Так начался мятеж. На станции Погромной, где стоял штаб 2-й Туркестанской дивизии, были арестованы коммунисты и преданные Советской власти командиры. Среди арестованных оказались и новый командир дивизии Стасов, и военком Перфильев. 2-я Туркестанская дивизия переименовалась в «Первую армию правды». Для охраны командующего армией была сформирована «черная сотня». Под председательством одного из братьев Масляковых был создан Реввоенсовет. Командование бригадами приняли Серов и Зубарев. «Первая армия правды» заняла Бузулук, станцию Погромную, села Лес, Елшанку и слободу Котлубанку.
На крыльцо небольшого домика, в котором жил паровозный машинист депо Бузулук Ташкентской железной дороги Иван Пафнутьич Насекин, поднялся юноша в фуражке железнодорожного телеграфиста и осторожно постучал в дверь.
– Кто там? – послышался изнутри женский голос.
– Я, Петр Котельников.
– А-а, Рыжик, – дверь распахнулась. – Заходи! – предложила миловидная женщина лет двадцати-двацати пяти.
– Мне. бы Ивана Пафнутьича.
– Папы нет дома.
– Ах да, я и забыл, что он в Самаре. А Костик?
– Костя что-то мастерит во дворе. А ты разве не на дежурстве?
– Ну их к черту! Бросил и ушел, – все равно, линия не работает. Ты знаешь, что они сотворили с шестым «А»?
– Откуда мне знать?
– Пассажиров ограбили, казенные деньги и продовольствие забрали. А ведь это шло для бойцов Туркестанского фронта. Понимаешь? Ни что-нибудь, а про-до-воль-ствие!..

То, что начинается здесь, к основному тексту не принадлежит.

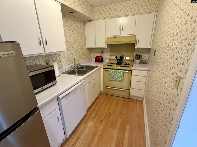+"PublicRemarks": "Lovely move in ready modern in-town condo. Top floor with fantastic views of uptown Columbia skyline and capital. Open floor plan with balcony, complete with electric screens. Lots of natural light looking toward sunset, wooden floors through out. White painted cabinets in kitchen. Neutral tiles in bathroom. All super clean. Parking space assigned, covered, secured w no steps.Truly move in ready and easy living. Friendly, safe and centrally located community. HOA fee includes many amenities, including 24-hour 7 day always onsite courtesy officer. Disclaimer: CMLS has not reviewed and, therefore, does not endorse vendors who may appear in listings."

– Дядя Петя, много денег взяли? – раздался сзади звонкий мальчишеский голосок.
Котельников обернулся:
– А, Костик, здравствуй! Много: мешков тридцать будет.[14]14
Историческая справка: 14 июля 1920 года Сапожков захватил в Бузулуке перевозившееся для войск Туркестанского фронта продовольствие и деньги в сумме 300 миллионов рублей.
[Закрыть]
– Эх-ма!
– Много. Танюша, ты знаешь, где хлебный амбар купца Реброва? Он ссыпку держал.
– Я знаю, – воскликнул Костя.
– Зачем тебе амбар понадобился? – заинтересовалась Таня.
– В него сапожковцы арестованных коммунистов посадили.
– Ну?
– Комитет[15]15
Подразумевается большевистский Революционный комитет, созданный рабочими депо ст. Бузулук для борьбы с Сапожковым.
[Закрыть] поручил мне разведать. Может быть, удастся освободить.
– Пойдем, я покажу, – повторил Костя.
– Смотрите, сами в амбар не попадите! – предостерегла Таня.
– Как бы не так! Мы сами с усами.
Проводив обоих, Таня заперла дверь на крючок, – время тревожное, – и села у окна. Вон они пошли: порывистый, увлекающийся Костя (Таня очень любила своего непутевого братишку) и Танин сверстник, товарищ детских игр, а позже неудачливый поклонник Петя Рыжик. Правда, о своих чувствах к Тане он ни разу не обмолвился, но разве без слов не видно? Чудной! Где же ему, нескладному, курносому, веснушчатому, огненно-рыжему парню было равняться с Сережей? Конечно, Таня предпочла Сергея и… уже вдова. Странно и страшно! Девять месяцев прошло с тех пор, а кажется, что счастье было только вчера. Рыжик хороший, но полюбить его?.. Нет.
Впрочем, Таня решила больше никого не любить.
Прошло около часа. За окном послышался громкий смех. В дверь нетерпеливо постучали.
– Танюша, открой скорее, – это мы!
В комнату влетели Котельников и Костя.
– Вот так удача! Ты представить себе не можешь! Не поверишь. Освободили! Мы освободили арестованных! – перебивая друг друга, рассказывали они.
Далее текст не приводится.